WHEN DISASTER STRIKES: After a hack: The process of restoring once-lost data
The new cloud recovery model, however, brings new challenges. One of the biggest is bandwidth, especially for customers that have highly transactional apps, Dines says. DRaaS involves placing copies of applications and virtual machine images in the provider's cloud. When a disaster strikes, those apps and VMs are automatically brought out of storage and spun up. This allows users to not avoid paying for the reserved instances of VMs, or having dedicated infrastructure in a managed service model. The problem is those apps and VM images must be constantly updated. "You need to keep your DR site up to date, and that could mean moving large amounts of data daily," Dines says.

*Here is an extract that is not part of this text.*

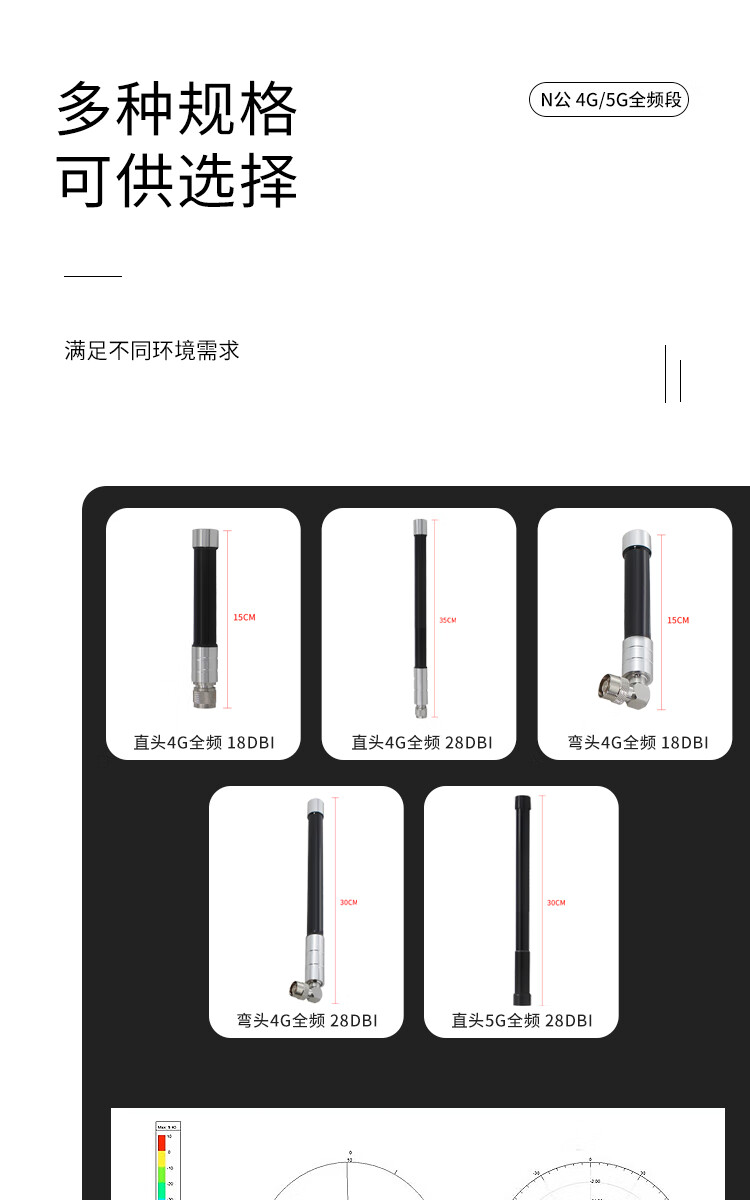Jiudingxin 5G full-frequency fiberglass antenna outdoor waterproof omnidirectional high gain 28DBI N male suction cup base antenna 30cm JDX-5G-1

Apps with high rates of change, anything above 20% daily, may be uploading a lot of data to the cloud each day, she says, which could strain bandwidth. Because of this, Dines says the most common apps supported by DRaaS tend to be less complex ones that can be easily booted cold from a VM, and especially ones that already run on virtual machines. CRM, ERP and HCM apps may fit the bill, but highly transactional databases may not.
To deal with the bandwidth issue many providers team with a partner with a WAN optimization firm, or use types of caching to only send selective updates to the cloud, Dines says.
Richard Cocchiara, IBM's CTO for business continuity and resiliency services (BCRS) - one of the legacy vendors that is pivoting to offer cloud-based DR services - says the company works with customers to provide estimates of how much data upload/download will be needed as part of the vetting and customer acquisition process.
Another concern in the cloud is around providers overprovisioning their facilities. In a DRaaS model, providers typically support customers in a multi-tenant environment. While a provider may be able to accommodate a disaster that befalls one customer, can they adequately support multiple customers if the disaster is regional? Morency says DRaaS just hasn't been proven at scale that they can survive a major 9-11 or Katrina-like disaster. It's one thing to restore 15 to 20 VMs during a test, it's another to have hundreds of customers all declaring disaster at the same time and expecting a two-hour recovery window, he says. "That can be tight for a single organization, let alone a provider serving hundreds of customers at once," Morency says.